> Problem details
Reproduce exactly the lines from the one containing "이번 행사는 광주지역" through the end of the entries, including both. Drop the pictures.

..............................

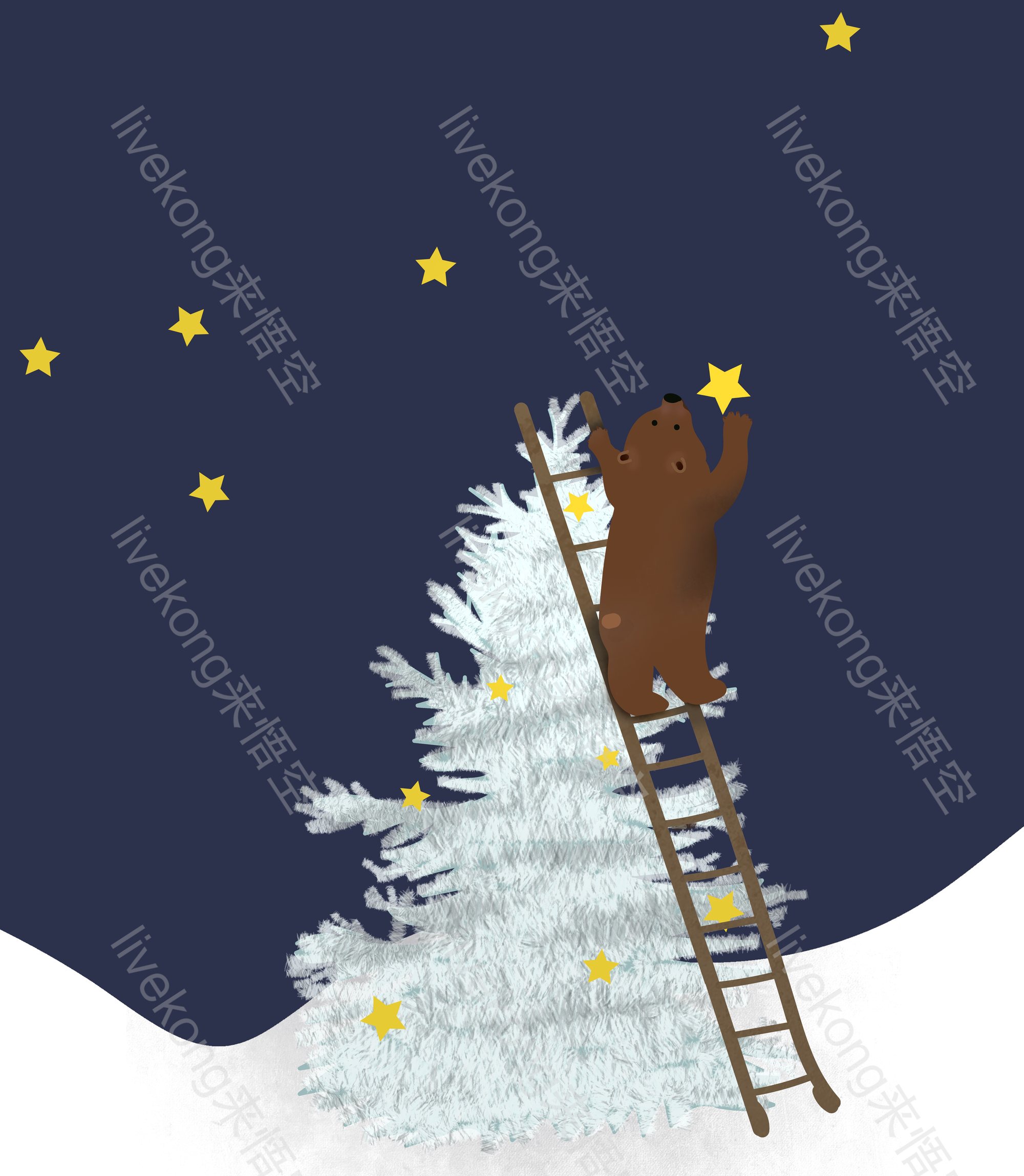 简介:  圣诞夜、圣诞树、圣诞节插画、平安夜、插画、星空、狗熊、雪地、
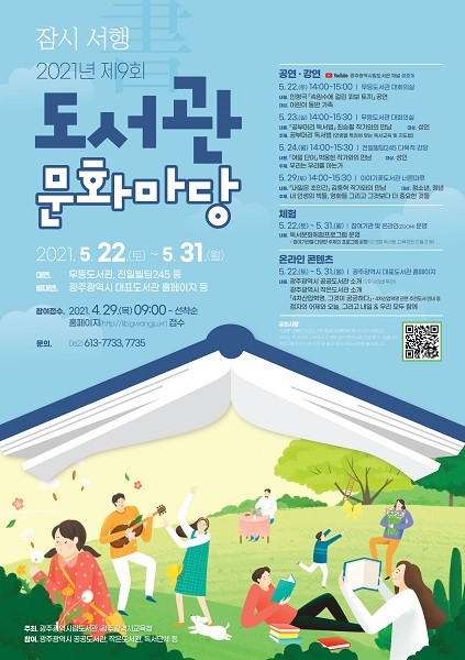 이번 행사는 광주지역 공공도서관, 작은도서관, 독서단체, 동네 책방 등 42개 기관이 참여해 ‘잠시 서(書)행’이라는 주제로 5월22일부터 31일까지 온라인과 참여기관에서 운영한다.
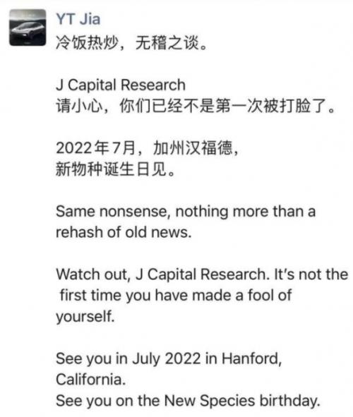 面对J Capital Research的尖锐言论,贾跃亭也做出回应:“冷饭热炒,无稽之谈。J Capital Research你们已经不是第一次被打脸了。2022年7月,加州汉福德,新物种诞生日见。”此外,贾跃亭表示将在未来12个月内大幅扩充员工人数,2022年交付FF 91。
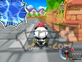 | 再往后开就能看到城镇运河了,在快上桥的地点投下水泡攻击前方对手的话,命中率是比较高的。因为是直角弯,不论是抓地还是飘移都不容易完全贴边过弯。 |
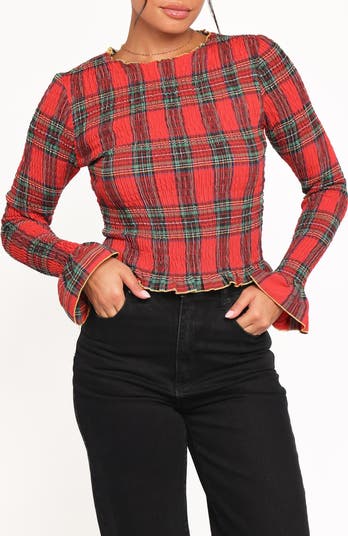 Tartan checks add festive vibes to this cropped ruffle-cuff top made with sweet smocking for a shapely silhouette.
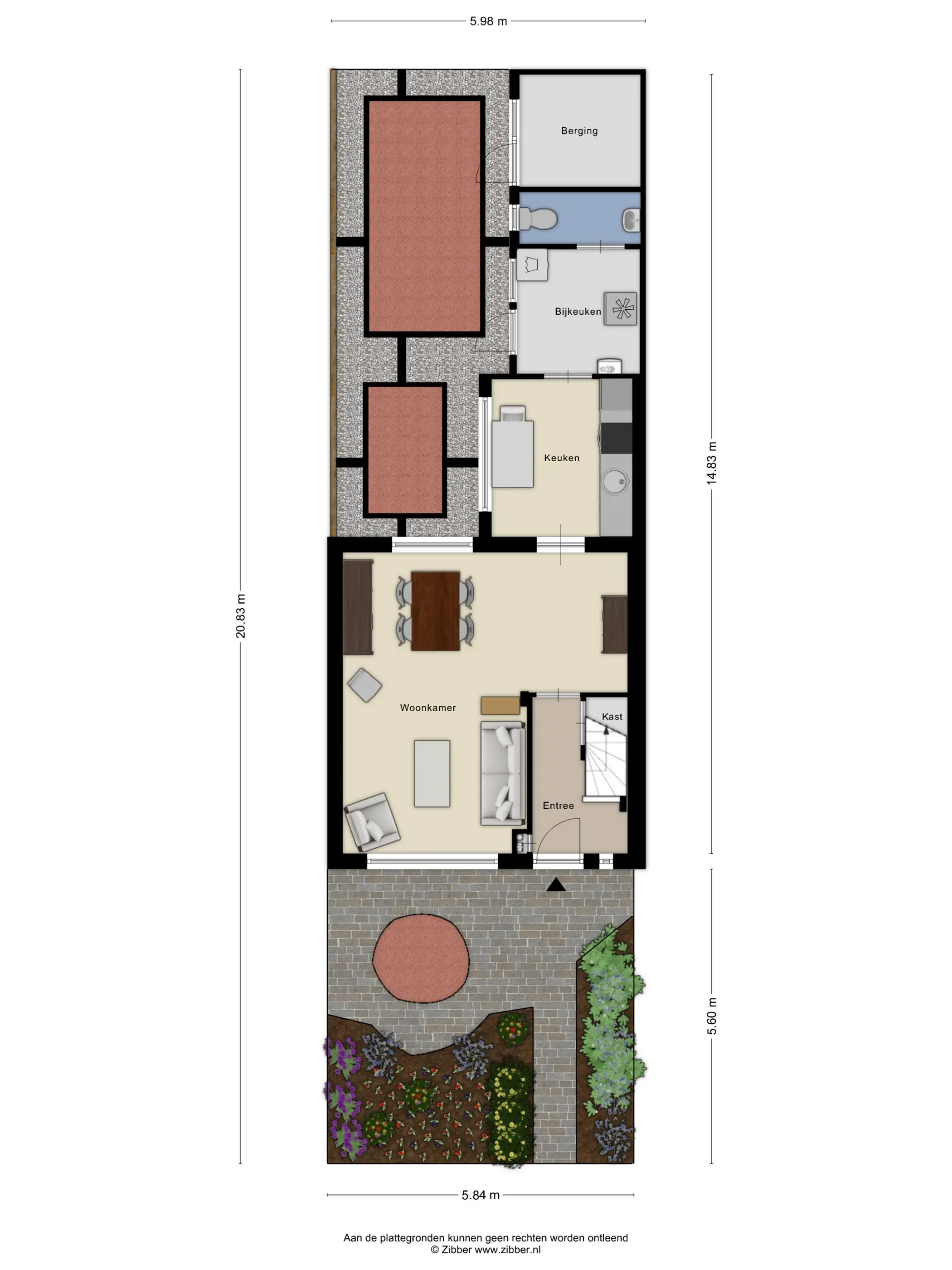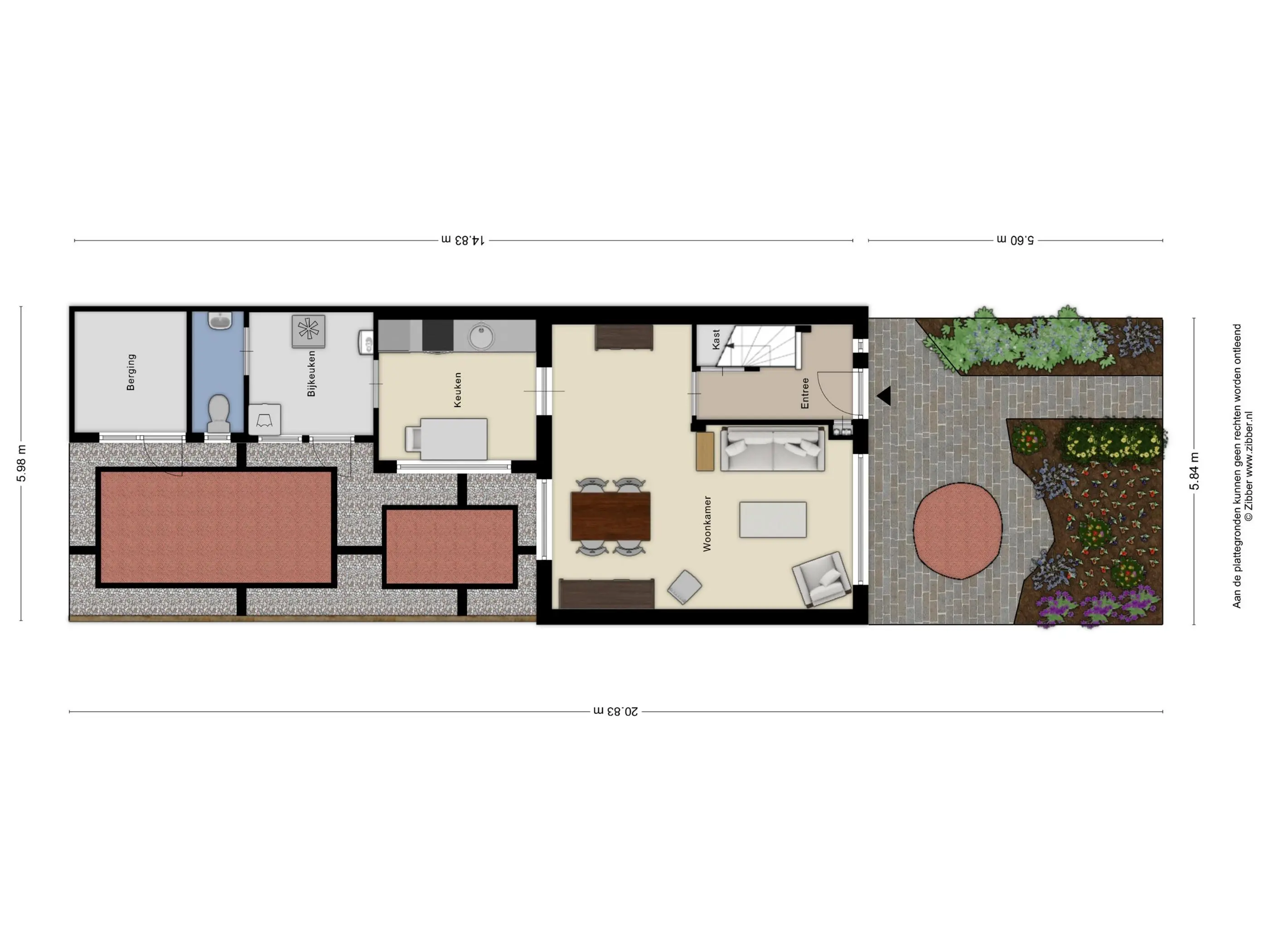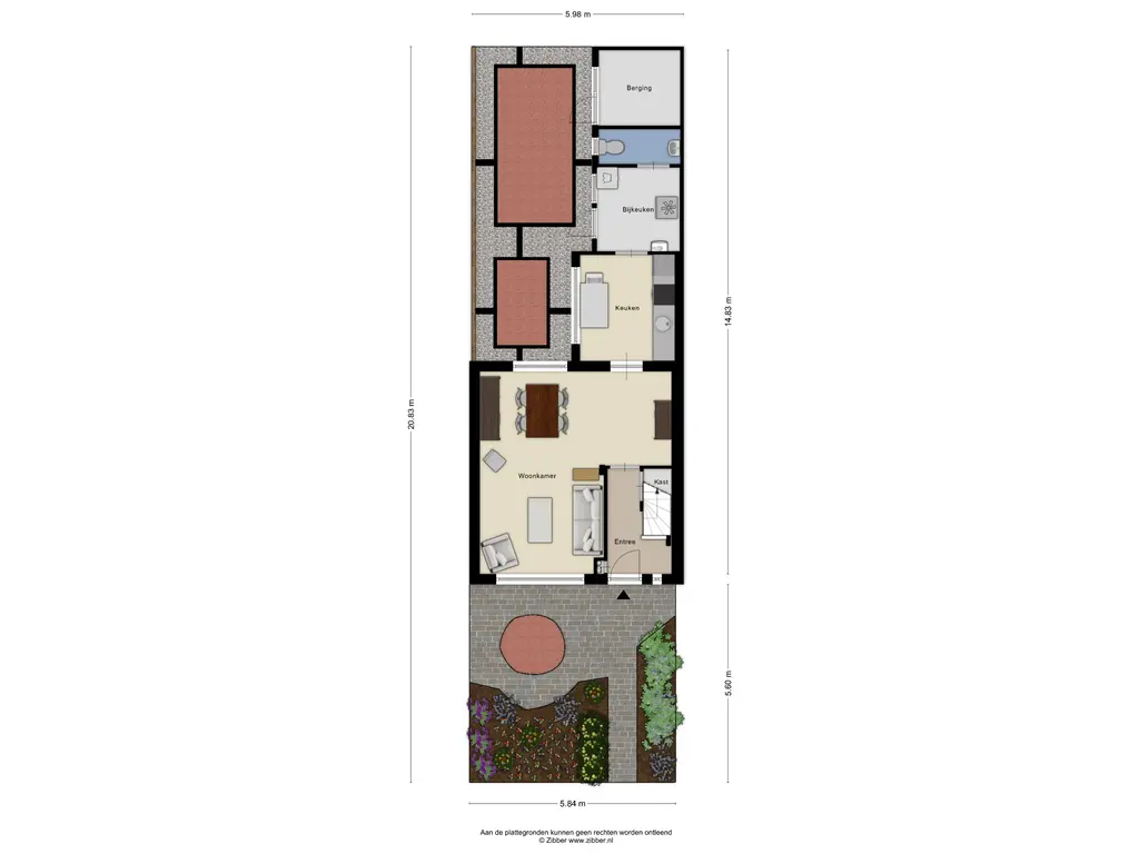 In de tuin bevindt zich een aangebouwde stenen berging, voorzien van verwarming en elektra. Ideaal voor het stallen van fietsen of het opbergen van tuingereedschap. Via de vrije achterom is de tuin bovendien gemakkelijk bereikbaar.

..............................

> Written answer
 이번 행사는 광주지역 공공도서관, 작은도서관, 독서단체, 동네 책방 등 42개 기관이 참여해 ‘잠시 서(書)행’이라는 주제로 5월22일부터 31일까지 온라인과 참여기관에서 운영한다.
 面对J Capital Research的尖锐言论,贾跃亭也做出回应:“冷饭热炒,无稽之谈。J Capital Research你们已经不是第一次被打脸了。2022年7月,加州汉福德,新物种诞生日见。”此外,贾跃亭表示将在未来12个月内大幅扩充员工人数,2022年交付FF 91。
 | 再往后开就能看到城镇运河了,在快上桥的地点投下水泡攻击前方对手的话,命中率是比较高的。因为是直角弯,不论是抓地还是飘移都不容易完全贴边过弯。 |
 Tartan checks add festive vibes to this cropped ruffle-cuff top made with sweet smocking for a shapely silhouette.
 In de tuin bevindt zich een aangebouwde stenen berging, voorzien van verwarming en elektra. Ideaal voor het stallen van fietsen of het opbergen van tuingereedschap. Via de vrije achterom is de tuin bovendien gemakkelijk bereikbaar.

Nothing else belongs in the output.